Toutefois, à nos yeux, ce phénomène de mouvement identitaire, que Larose-Hébert énonce, opère de manière inverse à travers les pratiques de subjectivation politique et de mise en lien non stigmatisée déployées au sein du Rivage. À travers ces pratiques, dirons-nous, la personne reprend contact avec son identité de soi et délaisse ce que Larose-Hébert (2017, p. 243) appelle

sa carrière d’usager de services en santé mentale. Elle apprend à s’inscrire et s’expérimenter dans des identités citoyennes de participation au Rivage ou, mieux encore, dans la communauté. Avec les pratiques mises en place dans la ressource que nous avons énumérées tout au long des chapitres dédiés à l’analyse, on peut percevoir en filigrane que ces pratiques se veulent des pratiques de conscientisation des individus et des collectifs.

Larose-Hébert (2017) conçoit la conscientisation comme étant de nature politique et s’orientant vers la transformation sociale. Elle considère que la réflexion, l’action et le dialogue peuvent affranchir les personnes de l’oppression vécue et créer des sujets susceptibles de se collectiviser autour d’un but commun.

Ces buts communs se retrouvent dans les collectifs présents au Rivage tels que les comités, le CA et les activités et projets collectifs mis en place par les membres et autres acteurs du Rivage. Plus spécifiquement pour les membres, comme nous avons vu dans la section traitant de la gestion participative, avec les nouveaux rôles qu’ils détiennent, se lient un droit de penser et de parler, un pouvoir et une reconnaissance relevant du processus de subjectivation. De sujets, ils deviennent acteurs et auteurs possédant la légitimité de poser un acte. Un membre, E6, fait part de cette observation :

[La Ressource] donne les rênes pour essayer d’avoir une idée, ou de faire quelque chose. Depuis que je suis ici, on me demande ce que je pense, ou ce que je vois. [...] Quand je suis arrivé ici, je ne savais pas ce qui était offert [et] je leur dis : « Vous

êtes en train de me demander ce que je pense ? » Je croyais plus qu’ils allaient me donner [quelque chose] ou me demander de faire [quelque chose]. (E6)

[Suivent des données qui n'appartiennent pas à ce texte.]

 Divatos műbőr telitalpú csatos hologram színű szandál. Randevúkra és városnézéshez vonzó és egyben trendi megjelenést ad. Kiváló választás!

Par le dialogue réel, les permanentes de la ressource s’inscrivent dans un rapport non hiérarchisé avec la personne et l’accompagnent dans un processus qui favorise « le mouvement d’appropriation de l’acte » (Mendel, 1992 ; Parazelli et Ruelland, 2017) ; acte qui, par ailleurs, émane du choix conscient et délibéré de la personne. Un changement de posture se réalise. En effet, E6 s’attendait à ce qu’on lui donne ou demande de faire quelque chose. Or, au lieu de lui présenter une offre de services en santé mentale, on s’intéresse à ce qu’il aimerait voir, aux idées qu’il pourrait offrir pour améliorer ce qui est en place au Rivage. Il est mis devant le fait que dans cette ressource, il détient un pouvoir, il détient « les rênes » et il peut poser une action pour, avec les autres acteurs, orienter la ressource et participer de manière active aux projets de celle- ci. Le Rivage crée des espaces où ont lieu des pratiques de rupture des représentations et des

pratiques de reconnaissance des identités plurielles des personnes. Ces pratiques sont inhérentes à l’actepouvoir. L’actepouvoir, devient un moteur, un acte émancipatoire ancrant la personne dans une identité plus affirmée d’elle-même et dans le développement et l’actualisation de ses capacités.

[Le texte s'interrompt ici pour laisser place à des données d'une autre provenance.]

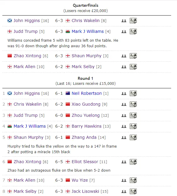 1/4决赛,希金斯又在与新科苏格兰公开赛冠军克里斯-韦克林的比赛中,以6-3投降敌手,强势晋级4强。半决赛,希金斯的敌手是寰宇第一“准度王”贾德-特鲁姆普。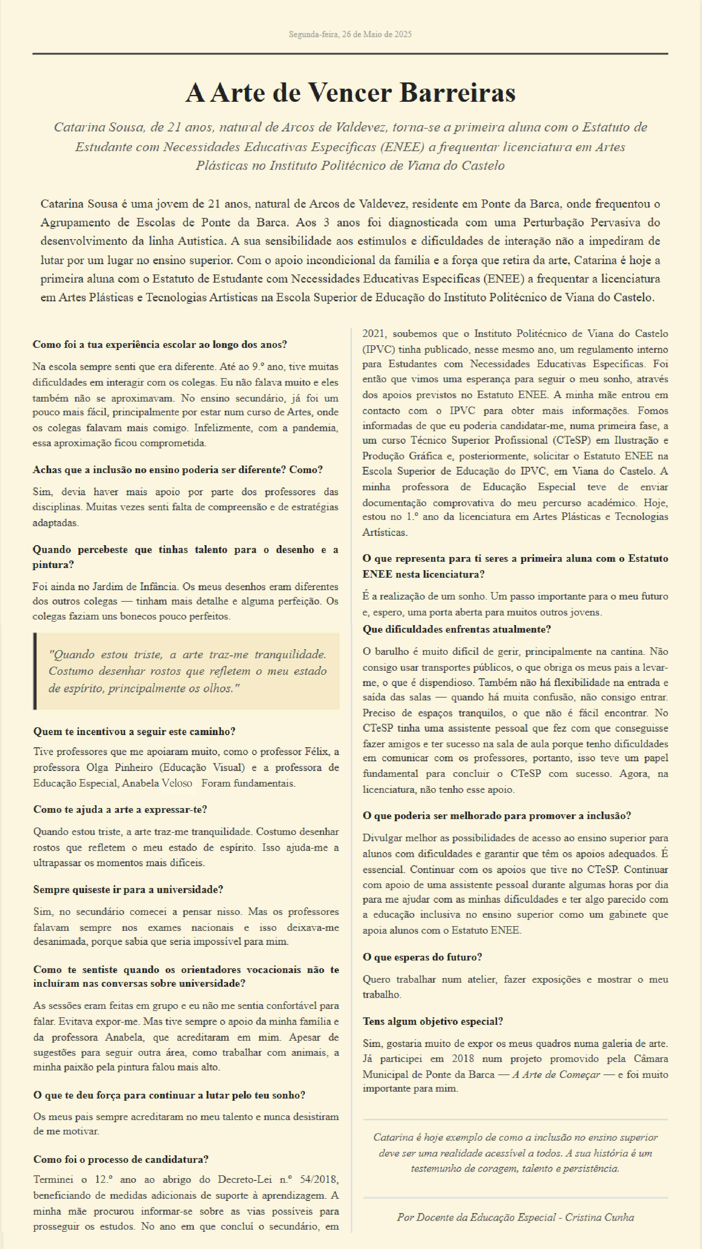 No Dia Internacional das Pessoas com Deficiência, o Agrupamento de Escolas de Ponte da Barca destaca o percurso inspirador de Catarina Sousa, ex-aluna que ultrapassou desafios com determinação e talento. Hoje, é a primeira estudante com Estatuto ENEE a frequentar a licenciatura em Artes Plásticas e Tecnologias Artísticas no IPVC. A sua história recorda-nos a importância de uma escola inclusiva, onde cada aluno encontra apoio para alcançar os seus sonhos.

En somme, nous voyons que Le Rivage invite les personnes avec une problématique de santé mentale à s’extirper de la marginalisation et des catégorisations auxquelles elles sont reléguées et à se défaire de l’identité de victimes à reconstruire ou celle d’individus déviants à contenir. Chemin faisant, la honte de soi fait place à une dignité retrouvée ; une reconnaissance de soi- même et de sa capacité d’affirmation identitaire de nouveaux rôles connotés positivement.